PRIMEIRA GERAÇÃO ROMÂNTICA PORTUGUESA

     A primeira geração é ainda marcada pelas contradições próprias dos momentos iniciais de uma nova estética: os autores ainda não se libertaram totalmente das tradições do Classicismo. Por outro lado, o envolvimento nas lutas pela implantação do liberalismo em Portugal acentua as características ideológicas de suas obras. Tais características traduzem-se sobretudo no nacionalismo e no historicismo medievalista.
     Os principais autores foram Almeida Garrett, Alexandre Herculano e Antônio Feliciano de Castilho.

     JOÃO BATISTA DA SILVA LEITÃO DE ALMEIDA GARRETT (1799 – 1854)

     A poesia de Garrett está presa, em sua primeira fase, à estética neoclássica. Folhas caídas, obra da maturidade poética do autor, reúne sua melhor produção lírica e a melhor poesia romântica portuguesa. Os poemas foram inspirados na paixão do autor por Rosa de Montúfar, a Viscondessa da Luz. “Este inferno de amar” e “Não te amo” mostram o tom apaixonado e confessional – expressão dos conflitos sentimentais do autor.
     Na prosa, escreveu Viagens na minha terra. Obra de difícil classificação, mistura características do relato de viagens, do diário íntimo, do ensaio, da reportagem jornalística e do romance. O núcleo da narrativa é o relato de uma viagem de Lisboa a Santarém (baseado numa experiência real do autor). Mas o narrador faz, ao longo dos quarenta e nove capítulos, digressões de todo tipo e a qualquer propósito: comentários sobre política e administração pública, sobre o clero, sobre o amor, sobre arte, literatura, mantendo sempre um tom leve, jornalístico e irônico. No capítulo X, estando já o narrador no vale de Santarém, toma conhecimento da história amorosa de Joaninha, a menina dos rouxinóis, e seu primo Carlos. Desse ponto em diante, o autor entremeia na narrativa os lances dessa novela sentimental, que possui todos os ingredientes românticos: paixão e ciúme, mistérios e um final trágico, com o distanciamento do herói e a morte da heroína.
     No teatro, escreveu Frei Luís de Sousa.  Garrett aproveitou um fato histórico – a vida de Frei Luís de Sousa, nome religioso do escritor quinhentista Manuel de Sousa Coutinho – para criar essa obra do teatro romântico português.

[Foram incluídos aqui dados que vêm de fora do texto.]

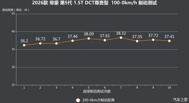更多精彩视频,尽在汽车之家视频平台● 安全性制动本次实测的第5代帝豪所配备的轮胎规格为215/55 R17,品牌是赛轮的Turismo Extreme ES22。制动测试中,车辆的100-0km/h最短制动距离为36.20m。在连续10次制动测试中,车辆平均制动距离为37.36m,会有轻微的热衰退现象。
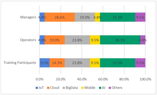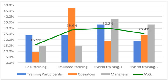 As another survey result, the preferred training type of each user is shown in Figure 9. In terms of training type, the participants preferred a mix of cyber training in real and simulated environments, but the operator who prepares and builds the training preferred a simulation that is relatively easy to build rather than a hybrid training with a complex structure. The managers chose the hybrid form of training based on its effectiveness.
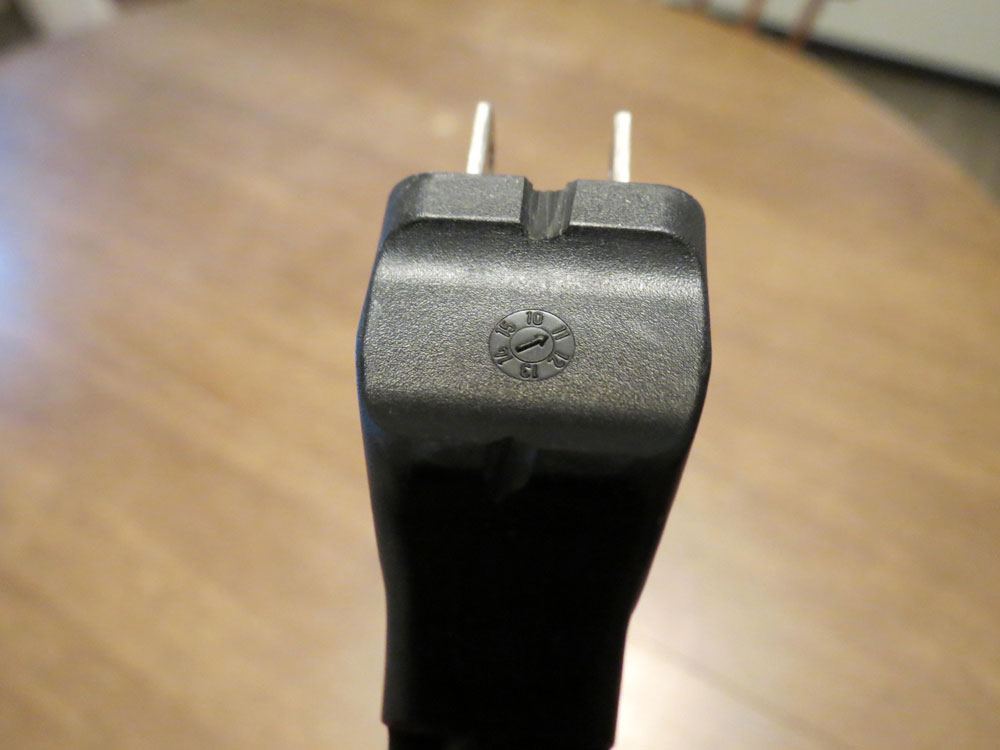 . Eugene Turgeon writes, and includes a photo: “An alternate solution to the plug problem. It takes about 10 seconds with a pocket knife. It also works in the dark, in case you are trying to plug in a lamp in to look for your bifocals. Just put your thumb on the notch and plug in (if it isn't too dark to see the outlet).”
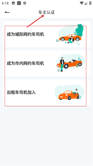 3、進入車主認證頁面,可選擇成為城際網約車司機市內網約車司機或出租車司機加入,依據自身需求選定對應的司機類型進行認證。
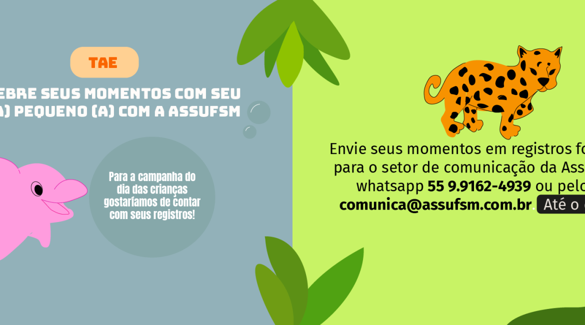 Técnico Administrativos e Administrativas em Educação da UFSM (TAEs-UFSM), a Assufsm deseja convidar você a participar da Campanha de Dia da Criança para mostrar seu e sua pequena para o mundo. Por isso, precisamos da sua colaboração!
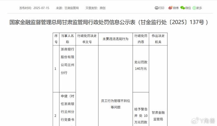 比如,7月15日,国家金融监督管理总局甘肃监管局公布了行政处罚信息公示表(甘金监行处〔2025〕137号),浙商银行股份有限公司兰州分行因员工行为管理不到位等问题,被处以罚款140万元。同时,申健(时任浙商银行兰州分行党委书记、行长)因员工行为管理不到位等问题,被给予警告并处10万元罚款;俞昱(时任浙商银行兰州分行风险监控官、行长助理)因员工行为管理不到位等问题,被给予警告并处5万元罚款;弓永平(时任浙商银行兰州分行党委委员)因员工行为管理不到位等问题,被禁止终身从事银行业工作。

A ação, situada no final do século XVI, possui dois eixos dramáticos: a história familiar de Manuel de Sousa Coutinho e a resistência dessa personagem ao domínio espanhol.


Este Inferno de Amar

Este inferno de amar - como eu amo! -
Quem mo pôs aqui n'alma... quem foi?
Esta chama que alenta e consome,
Que é a vida - e que a vida destrói -
Como é que se veio a atear,
Quando - ai quando se há-de ela apagar?

Eu não sei, não me lembra: o passado,
A outra vida que dantes vivi
Era um sonho talvez... - foi um sonho -
Em que paz tão serena a dormi!
Oh! que doce era aquele sonhar...
Quem me veio, ai de mim! despertar?

Só me lembra que um dia formoso
Eu passei... dava o sol tanta luz!
E os meus olhos, que vagos giravam,
Em seus olhos ardentes os pus.
Que fez ela? eu que fiz? - Não no sei;
Mas nessa hora a viver comecei... 
1 – A que episódio da biografia de Garrett parece estar associado o poema?
2 – A qual característica romântica corresponde a associação entre biografia e obra?
3 – O poema exprime a confusão dos sentimentos do amante.
a)     Comente, a este respeito, o título do poema.
b)     Localize na primeira estrofe dois paradoxos que exprimem a confusão dos sentimentos.
4 – O tom emotivo – como se o sujeito lírico não se contivesse e explodisse em confidências confusas, ou como se falasse sozinho, procurando entender seus sentimentos – motivou a pontuação excessiva do texto. Localize e copie:
a)     Uma frase exclamativa que exprima constatação perplexa de um sentimento.
b)     Uma frase interrogativa que exprima essa mesma perplexidade.
c)      Uma frase que exprima dúvida.
5 – O sujeito lírico evoca o tempo em que o amor era apenas um sonho. Os olhos de uma mulher despertaram-no, tornando o sonho realidade.
a)     Qual a diferença entre o sonho e a realidade do amor?
b)     Apesar dessa diferença, o poema termina com uma defesa do amor. Explique.

Não te Amo

Não te amo, quero-te: o amar vem d’alma. 
      E eu n’alma - tenho a calma,
      A calma - do jazigo.
      Ai! não te amo, não.

Não te amo, quero-te: o amor é vida.
      E a vida - nem sentida
      A trago eu já comigo.
      Ai, não te amo, não!

Ai! não te amo, não; e só te quero
      De um querer bruto e fero
      Que o sangue me devora,
      Não chega ao coração.

Não te amo. És bela; e eu não te amo, ó bela.
      Quem ama a aziaga estrela
      Que lhe luz na má hora
      Da sua perdição?

E quero-te, e não te amo, que é forçado,
      De mau, feitiço azado
      Este indigno furor.
      Mas oh! não te amo, não.

E infame sou, porque te quero; e tanto
      Que de mim tenho espanto,
      De ti medo e terror...
      Mas amar!... não te amo, não. 

1 – Quais são os dois sentimentos que, segundo o sujeito lírico, se contradizem e se excluem?
2 – Qual é a natureza de cada um desses sentimentos?
3 – Se o sujeito lírico considera um “indigno furor” o que sente em relação à mulher, a frase “não te amo, não” da última estrofe é uma negação ou uma autocensura? Explique.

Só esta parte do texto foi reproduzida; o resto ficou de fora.